The association between mullein and St. John the Baptist was previously explored by White (1996) [36] through an analysis of several works by Albrecht Altdorfer. White notes that, like the Baptist, mullein was traditionally regarded as both a healer and a protector. It was often gathered on the Feast of the Nativity of St. John the Baptist and passed through bonfires to ward off evil spirits. This ritual usage further cements the association between the plant and the saint’s role as a spiritual guardian. In Altdorfer’s Beheading of Saint John the Baptist, a Verbascum without its flowering stalk lies beneath the saint’s severed head, symbolically mirroring his martyrdom.
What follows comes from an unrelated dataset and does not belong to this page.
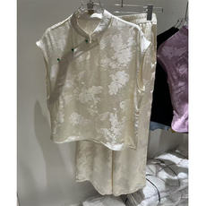 新中式斜襟小飞袖衬衫人丝提花直筒裤套装2025新款夏季穿搭女

Yet nearby, a second specimen blooms, affirming the enduring power of the lucerna mundi, the “lamp of the world” [40]. The same symbolic meaning can also be observed in St. Paul’s Conversion and in the Ecstasy of St. Francis, where the idea of the light of faith is conveyed through the deliberate selection of this species at the bottom of the scene (Figure 4d).
This role of the plant as a bearer of light is visually emphasized in works like Gian Lorenzo Bernini’s Fountain of the Four Rivers, where we already found that the plant appears opposite a serpent, a traditional symbol of evil. In this context, Verbascum represents divine protection associated with the Christian Church, reflecting longstanding associations of the plant with illumination and protection [7]. In a broader assessment of Gian Lorenzo Bernini’s works, this significance also emerges in the Rape of Proserpina and in the laurel metamorphosis depicted in the famous group of Apollo and Daphne. Here, mullein is prominently represented among the rocks at the base of these mythological subjects, symbolizing the boundary between the Underworld and the Earth, and delineating the threshold between Light and Darkness (Figure 4g,h).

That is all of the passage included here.